- _WHAT NEEDS TO BE DONE_
Print word for word whatever lies between the first line of the material and the line holding "Pendiente esmaltado con", both included, and omit all pictures.

- _STORED DATA_

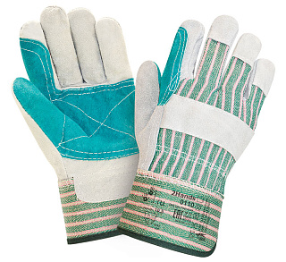 Конструкция: защитная крага, комбинированные спилок/хлопковая ткань, двойной слой спилка на рабочей поверхности
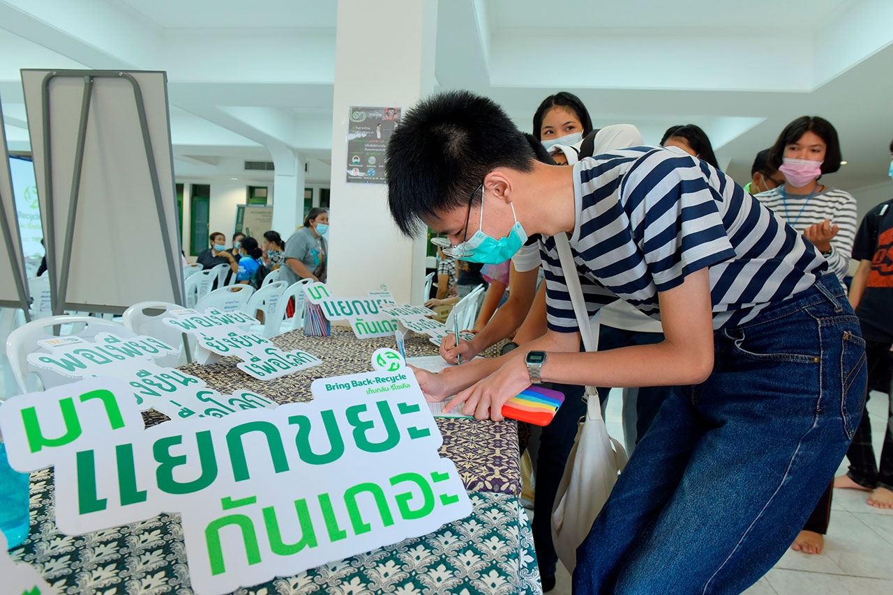 นอกจากนี้ ยังได้ส่งเสริมให้เยาวชนได้ร่วมกันตระหนักถึงความสำคัญด้านสิ่งแวดล้อมผ่านภายใต้แนวคิด ‘ชุมชน พอเพียง ยั่งยืน เพื่อโลก’ ผ่านกิจกรรม ‘เก็บกลับ-รีไซเคิล’ โดย บริษัท ไทยเบฟเวอเรจ รีไซเคิล จำกัด ในการร่วมสร้างความรู้ความเข้าใจและปลูกฝังการจัดการขยะในชุมชนได้อย่างมีประสิทธิภาพ อาทิ การเก็บกลับบรรจุภัณฑ์หลังการบริโภคตั้งแต่ต้นทาง เพื่อให้สามารถนำกลับไปสู่กระบวนการรีไซเคิล การเพิ่มมูลค่าขยะบางประเภทและแปรเปลี่ยนเป็นรายได้ เป็นต้น
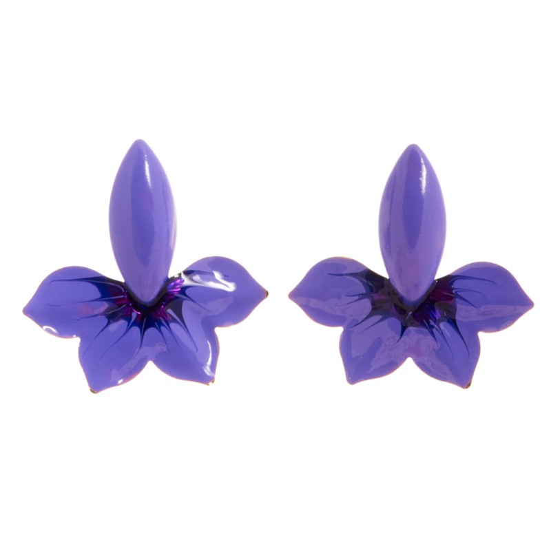 Pendiente esmaltado con forma de flor de lis en tono morado
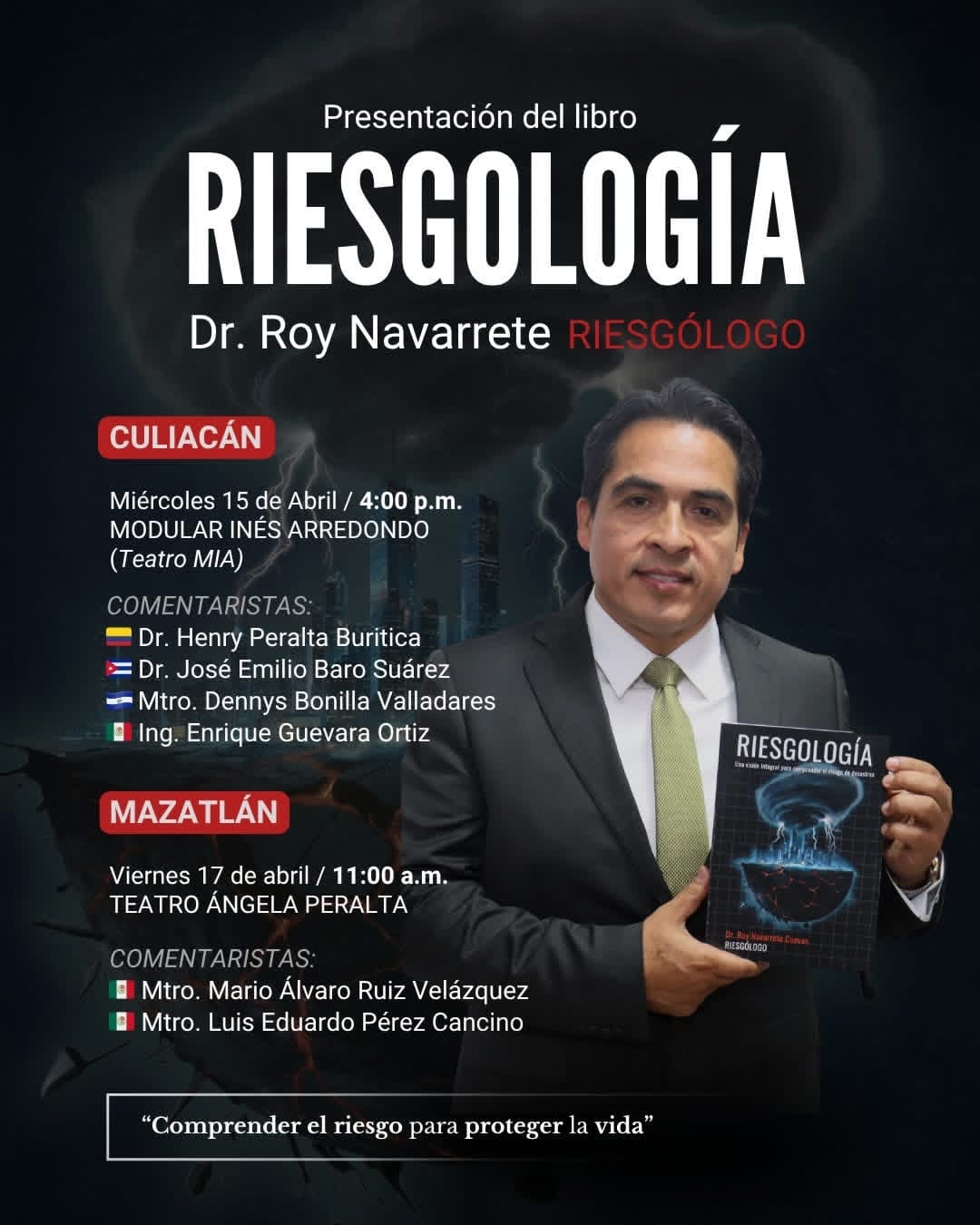 Para presentar este libro acompañarán al autor los maestros Mario Ruiz Velázquez y Luis Eduardo Pérez Ortiz Cancino, expertos en la materia con más de 30 años trabajando en el tema de riegos, ambos son de origen mexicano, también estará el maestro Dennis Bonilla Valladares, originario de El Salvador.

- _SOLUTION TO THIS PROBLEM_
 Конструкция: защитная крага, комбинированные спилок/хлопковая ткань, двойной слой спилка на рабочей поверхности
 นอกจากนี้ ยังได้ส่งเสริมให้เยาวชนได้ร่วมกันตระหนักถึงความสำคัญด้านสิ่งแวดล้อมผ่านภายใต้แนวคิด ‘ชุมชน พอเพียง ยั่งยืน เพื่อโลก’ ผ่านกิจกรรม ‘เก็บกลับ-รีไซเคิล’ โดย บริษัท ไทยเบฟเวอเรจ รีไซเคิล จำกัด ในการร่วมสร้างความรู้ความเข้าใจและปลูกฝังการจัดการขยะในชุมชนได้อย่างมีประสิทธิภาพ อาทิ การเก็บกลับบรรจุภัณฑ์หลังการบริโภคตั้งแต่ต้นทาง เพื่อให้สามารถนำกลับไปสู่กระบวนการรีไซเคิล การเพิ่มมูลค่าขยะบางประเภทและแปรเปลี่ยนเป็นรายได้ เป็นต้น
 Pendiente esmaltado con forma de flor de lis en tono morado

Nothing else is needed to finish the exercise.